Closed shenxuhui closed 5 years ago

shenxuhui commented 5 years ago

+2 is used for the CRF later which needs start and end padding. The results in demo data doesn’t mean anything as the data is too small.

Originally posted by @jiesutd in https://github.com/jiesutd/NCRFpp/issues/135#issuecomment-524819427

shenxuhui commented 5 years ago

+2 is used for the CRF later which needs start and end padding. The results in demo data doesn’t mean anything as the data is too small.

I think what you said is the code on the bottom.

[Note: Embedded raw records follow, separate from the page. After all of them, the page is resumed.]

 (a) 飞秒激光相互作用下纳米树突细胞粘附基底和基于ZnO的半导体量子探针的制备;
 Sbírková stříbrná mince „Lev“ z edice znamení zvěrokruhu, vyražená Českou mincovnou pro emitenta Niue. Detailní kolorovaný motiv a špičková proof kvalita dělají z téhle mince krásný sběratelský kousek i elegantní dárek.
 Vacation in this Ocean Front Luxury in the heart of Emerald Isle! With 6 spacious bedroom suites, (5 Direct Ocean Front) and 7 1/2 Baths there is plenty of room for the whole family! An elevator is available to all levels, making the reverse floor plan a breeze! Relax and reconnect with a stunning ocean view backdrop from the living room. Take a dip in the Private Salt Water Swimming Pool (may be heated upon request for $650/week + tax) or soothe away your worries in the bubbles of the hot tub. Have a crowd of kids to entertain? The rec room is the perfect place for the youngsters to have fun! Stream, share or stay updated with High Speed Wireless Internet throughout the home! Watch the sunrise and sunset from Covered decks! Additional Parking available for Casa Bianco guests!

But the comment of +2 in SeqLabel is "add two more label for downlayer lstm, use original label size for CRF". The code in Seqlabel adds 2 for lstm not for crf.

I'm sorry to bother you again, but I really like this project from which I learn a lot.

class CRF(nn.Module):

    def __init__(self, tagset_size, gpu):
        super(CRF, self).__init__()
        print("build CRF...")
        self.gpu = gpu
        # Matrix of transition parameters.  Entry i,j is the score of transitioning from i to j.
        self.tagset_size = tagset_size
        **# # We add 2 here, because of START_TAG and STOP_TAG**
        # # transitions (f_tag_size, t_tag_size), transition value from f_tag to t_tag
        init_transitions = torch.zeros(self.tagset_size+2, self.tagset_size+2)
        init_transitions[:,START_TAG] = -10000.0
        init_transitions[STOP_TAG,:] = -10000.0
        init_transitions[:,0] = -10000.0
        init_transitions[0,:] = -10000.0
        if self.gpu:
            init_transitions = init_transitions.cuda()
        self.transitions = nn.Parameter(init_transitions)

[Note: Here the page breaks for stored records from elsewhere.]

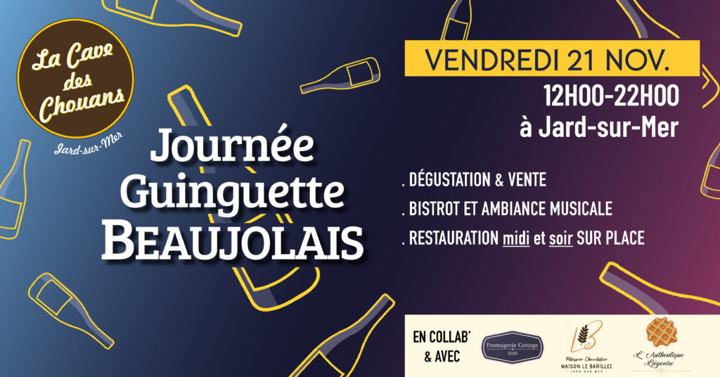 "Journée Guinguette Beaujolais" à Jard-sur-Mer Cette année - nouvelle Formule avec un évènement journée complète, restauration sur place midi et soir ! Victime de son succès en 2024, nous renouvelons la Guinguette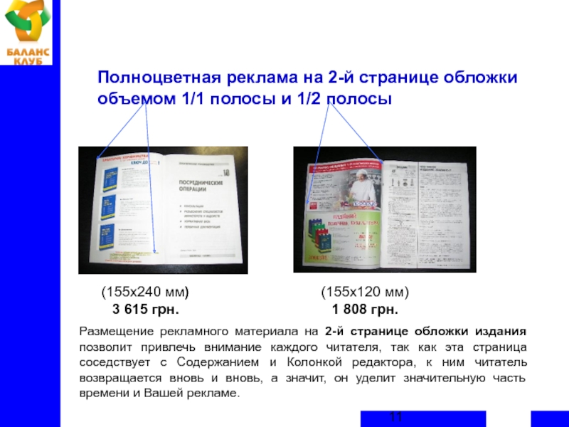 4-я полоса обложки – самый эффективный вид рекламы в бухгалтерских изданиях. Лицевая сторона обложки нередко является «рабочей» (на ней фиксируются основные темы, интересные для читателя). А 4-я полоса обложки берет на себя выполнение удовлетворения эстетических запросов аудитории.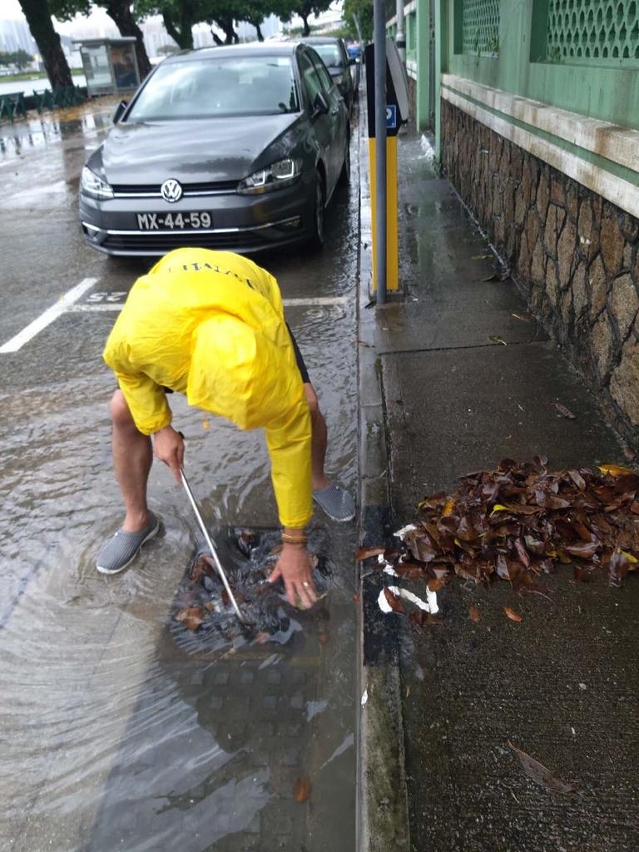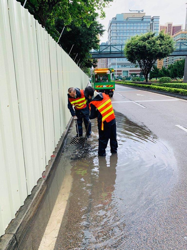 因应强降雨时间持续,渠道积聚大量雨水,新桥、台山、内港及氹仔旧城区相继出现水浸现象,其中台山超过180毫米降雨。而因海潮高度达2.1米,减低了雨水渠的排洪能力。为此,市政署即时启动暴雨应变机制,派员到各雨水泵房巡查,开启水泵以排洪。同时,分别派员及要求外判清渠公司往低洼地区进行紧急清理路边雨水井工作,清走积聚渠口垃圾,打开渠盖加快排洪。

        # self.transitions = nn.Parameter(torch.Tensor(self.tagset_size+2, self.tagset_size+2))
        # self.transitions.data.zero_()
shenxuhui commented 5 years ago

The +2 code in Seqlable:

class SeqLabel(nn.Module):
    def __init__(self, data):
        super(SeqLabel, self).__init__()
        self.data2=data
        self.use_crf = data.use_crf
        print("build sequence labeling network...")
        print("use_char: ", data.use_char)
        if data.use_char:
            print("char feature extractor: ", data.char_feature_extractor)
        print("word feature extractor: ", data.word_feature_extractor)
        print("use crf: ", self.use_crf)

        self.gpu = data.HP_gpu
        self.average_batch = data.average_batch_loss
        ## add two more label for downlayer lstm, use original label size for CRF , Why do that???
        label_size = data.label_alphabet_size
        **data.label_alphabet_size += 2**
        self.word_hidden = WordSequence(data)
        if self.use_crf:
            self.crf = CRF(label_size, self.gpu)
jiesutd commented 5 years ago
  1. +2 is applied to the LSTM output (i.e. add two more dimensions to the LSTM output vector)
  2. The two added dimensions serve as the START_TAG and STOP_TAG in the CRF layer.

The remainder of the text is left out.